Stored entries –
• • •

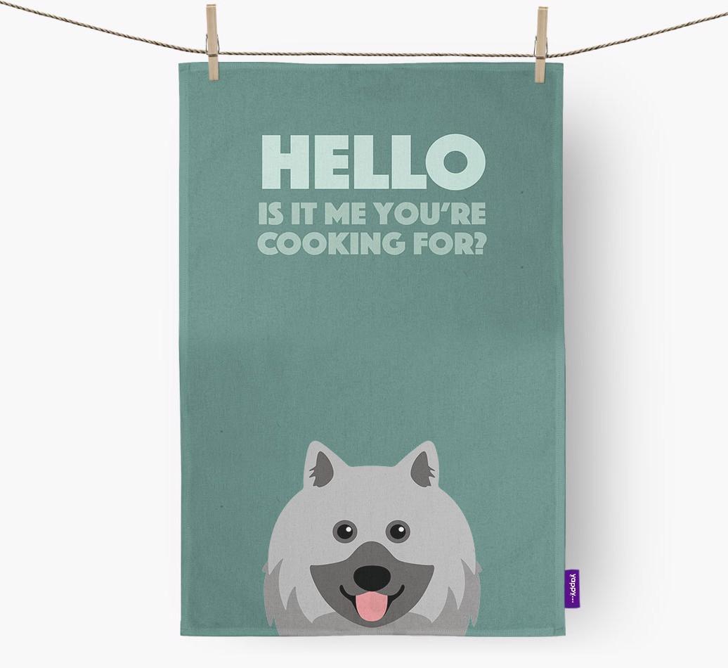 This gorgeous dish towel is sure to delight every Keeshond pawrent, especially as it stars their pup asking their favorite question, 'is it me you're cooking for?'
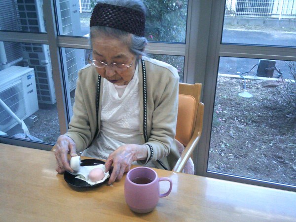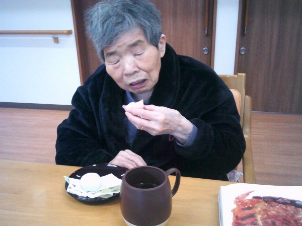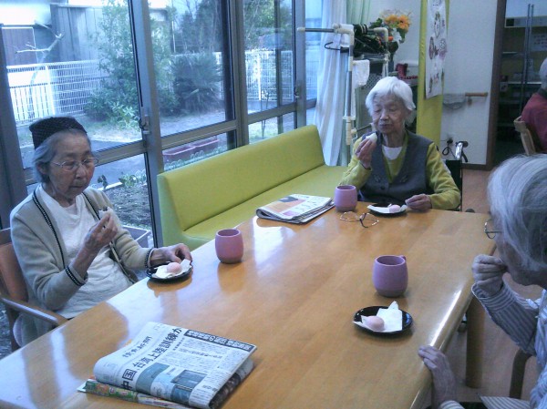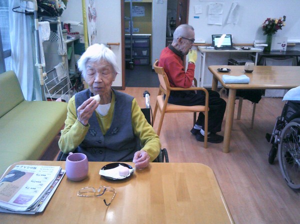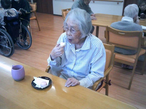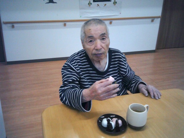 今日は1/1 おやつに紅白饅頭をお出ししました。 餡子がいっぱい入っていて嬉しいな? と喜ばれておりました(*^^)v
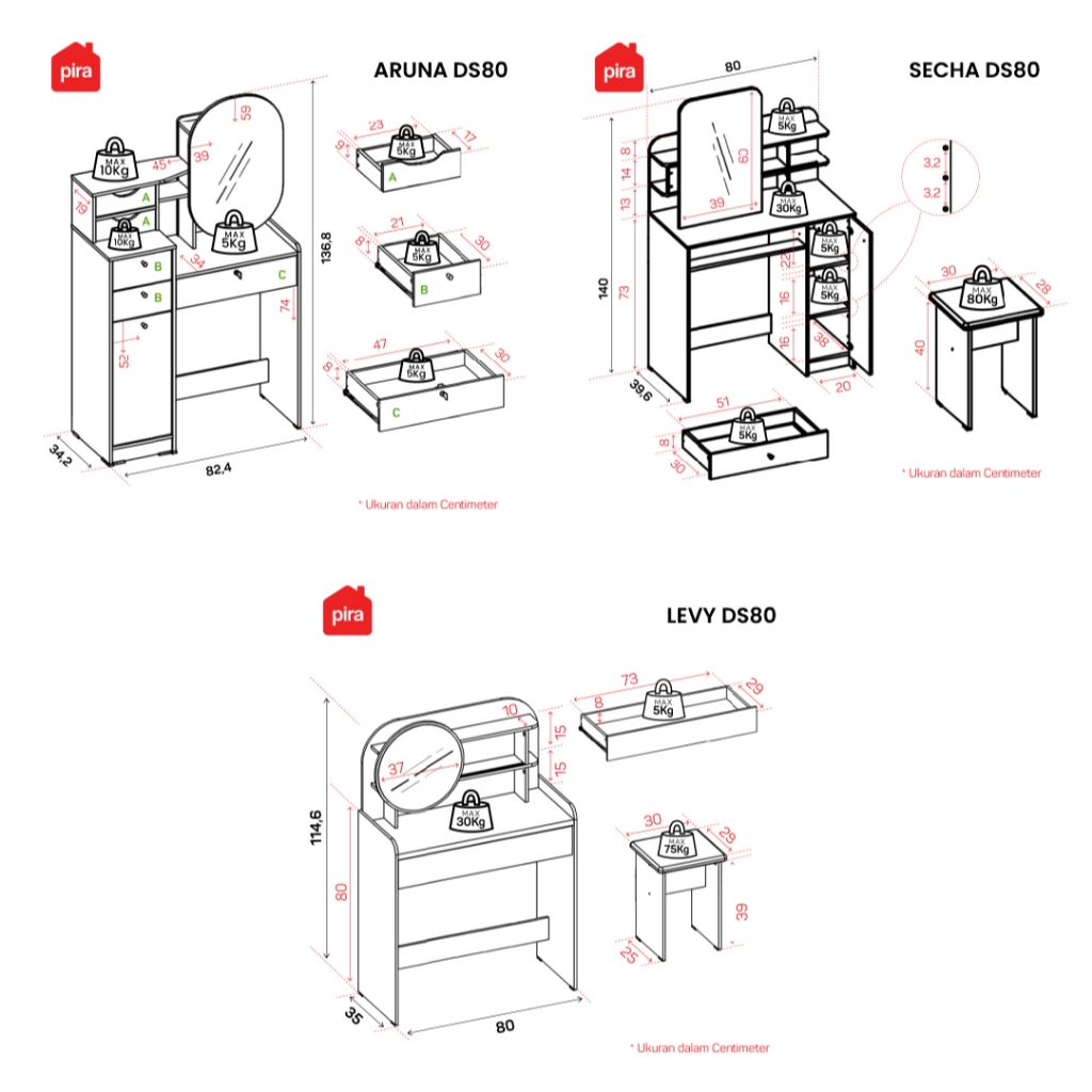 Pira Metropolis OX - Aruna DS80 Meja Rias dengan Kaca Geser
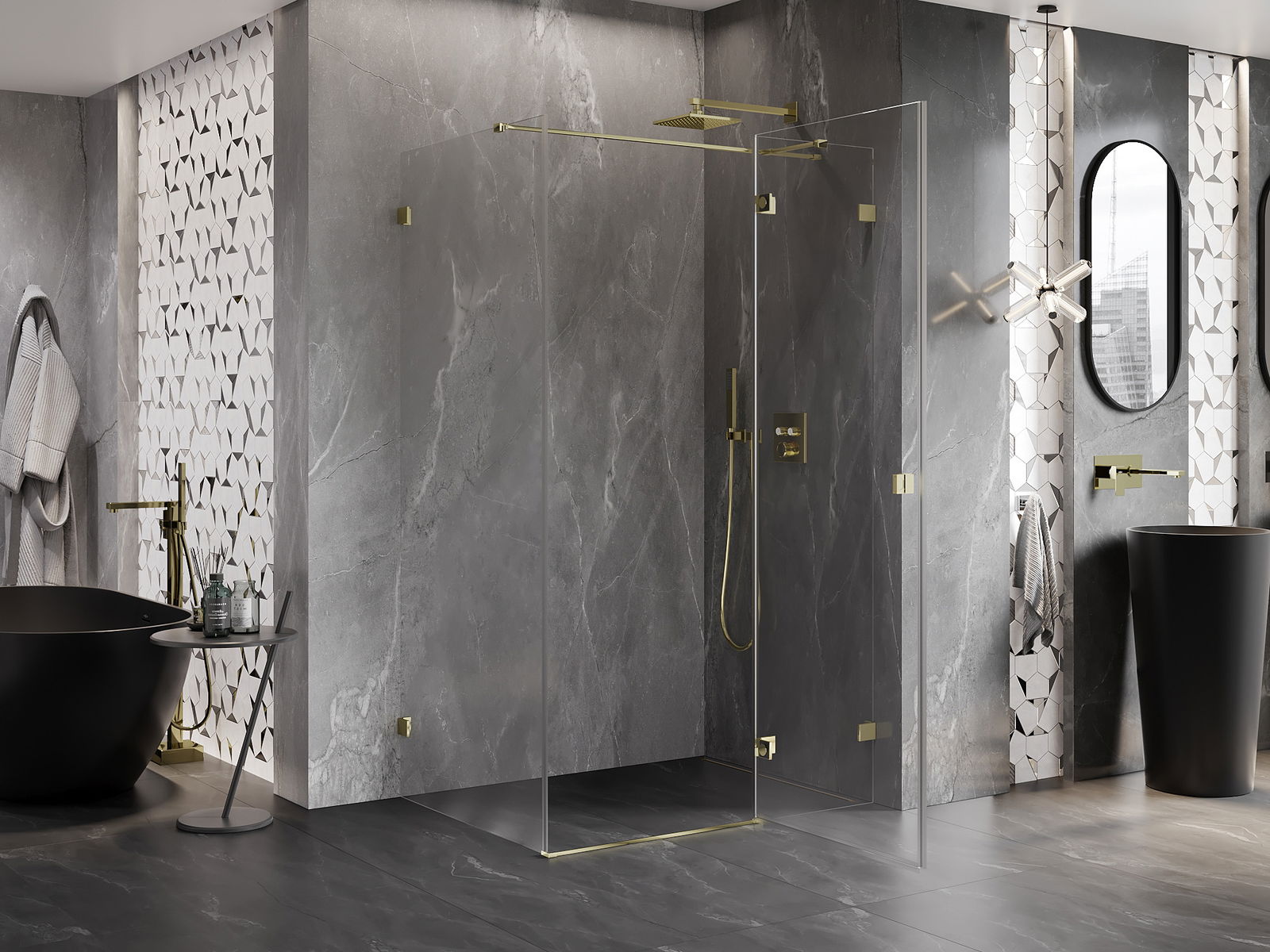 Mexen Lunar T Duschkabine schwenkbar rechts 140 x 70 cm, transparent, gold - 834T-140-070-50-00-P
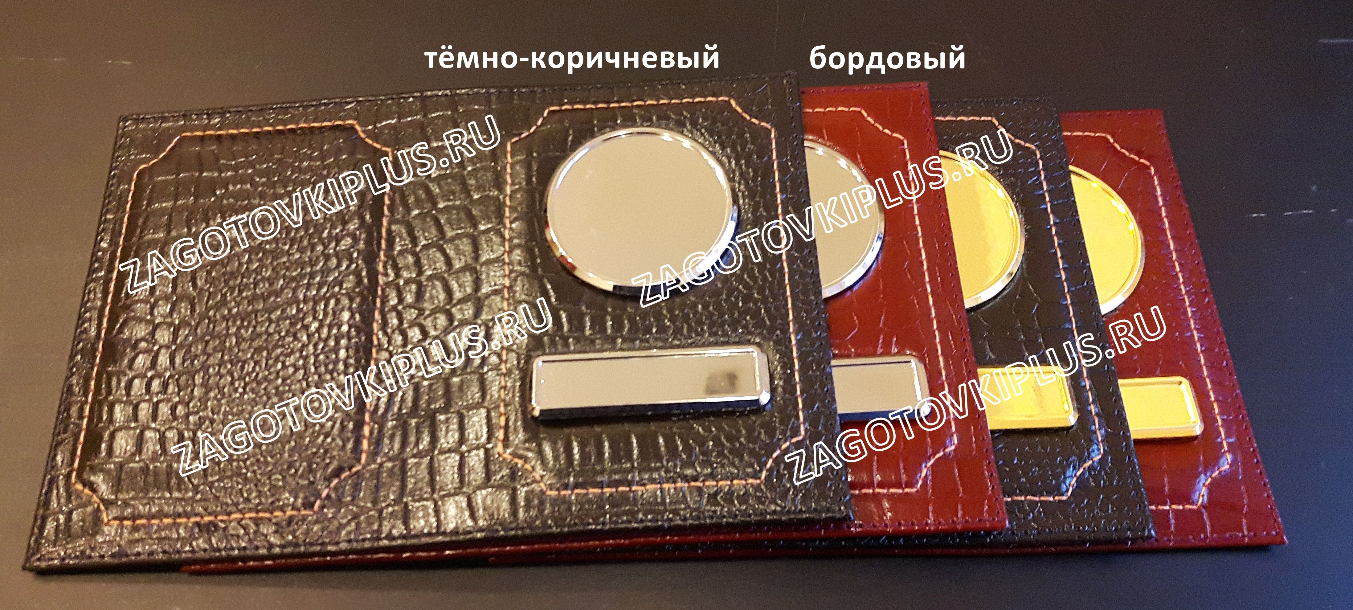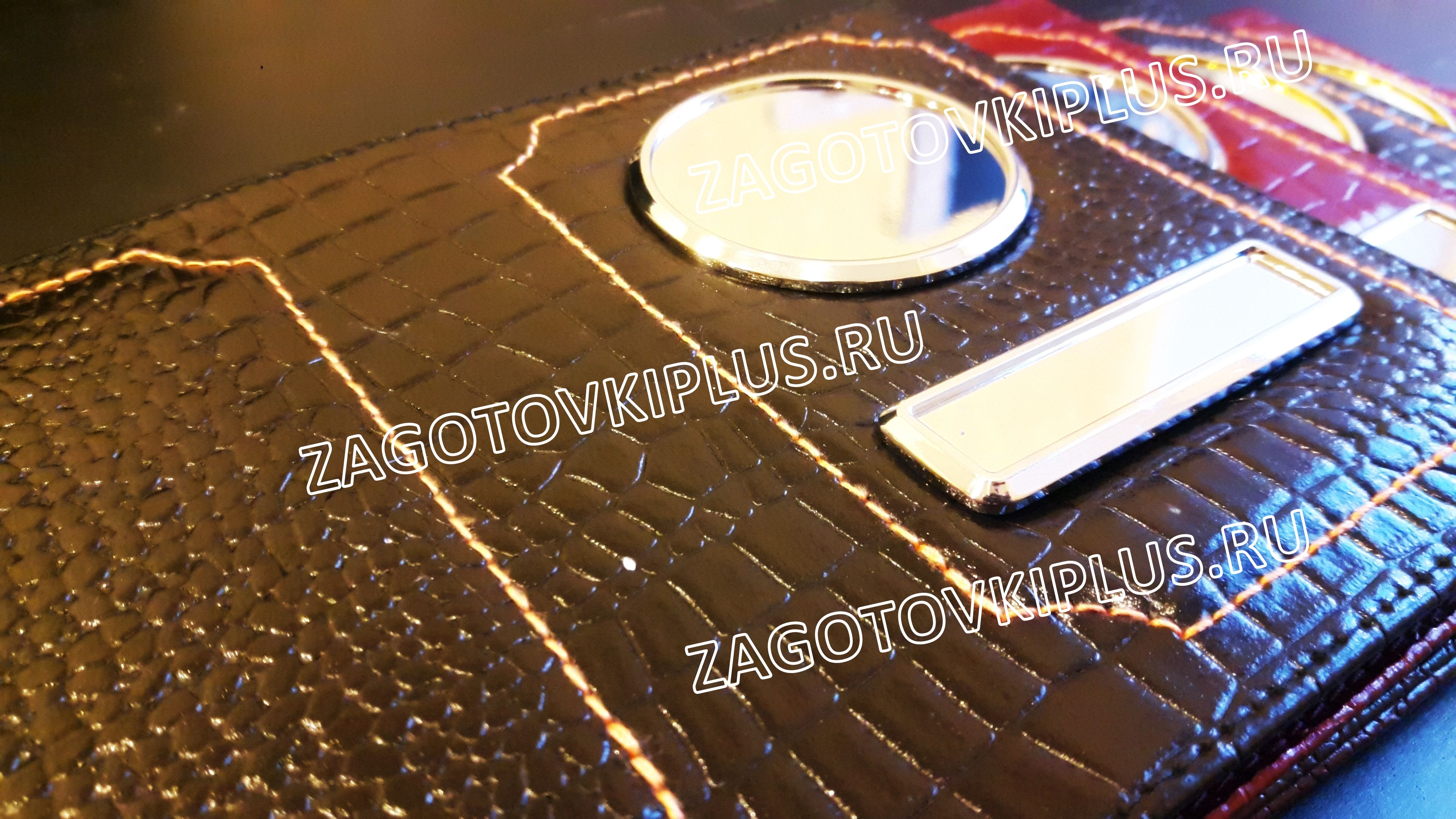 Обложки сделаны из натуральной кожи крокодила. Заготовки обложек имеют специальные металлические вставки с бортиками, которые не темнеют и не облезают. Благодаря этим бортикам изображение защищено от механических воздействий, а полиуретановая линза защищает картинку от выгорания и стирания.Изготовление кожаной обложки занимает 5 минут и не требует специального оборудования. Макет для обложки распечатывается на цветном струйном принтере на самоклеющейся фотобумаге, далее к распечатанному изображению приклеивается линза и вся эта "конструкция" вырезается ножницами и убрав защитный слой с самоклейке вклеивается в металлическую вставку с бортиками. Эксклюзивная обложка для авто документов с гос номером и логотипом готова!
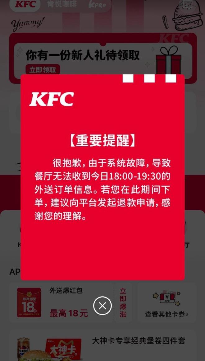 肯德基外送系统崩溃,顾客需通过平台申请退款解决问题

• • •

TASK GOAL – Each entry above should be restated word for word, though no picture may appear in the copy.

SOLUTION FOR THIS TASK –
 This gorgeous dish towel is sure to delight every Keeshond pawrent, especially as it stars their pup asking their favorite question, 'is it me you're cooking for?'
 今日は1/1 おやつに紅白饅頭をお出ししました。 餡子がいっぱい入っていて嬉しいな? と喜ばれておりました(*^^)v
 Pira Metropolis OX - Aruna DS80 Meja Rias dengan Kaca Geser
 Mexen Lunar T Duschkabine schwenkbar rechts 140 x 70 cm, transparent, gold - 834T-140-070-50-00-P
 Обложки сделаны из натуральной кожи крокодила. Заготовки обложек имеют специальные металлические вставки с бортиками, которые не темнеют и не облезают. Благодаря этим бортикам изображение защищено от механических воздействий, а полиуретановая линза защищает картинку от выгорания и стирания.Изготовление кожаной обложки занимает 5 минут и не требует специального оборудования. Макет для обложки распечатывается на цветном струйном принтере на самоклеющейся фотобумаге, далее к распечатанному изображению приклеивается линза и вся эта "конструкция" вырезается ножницами и убрав защитный слой с самоклейке вклеивается в металлическую вставку с бортиками. Эксклюзивная обложка для авто документов с гос номером и логотипом готова!
 肯德基外送系统崩溃,顾客需通过平台申请退款解决问题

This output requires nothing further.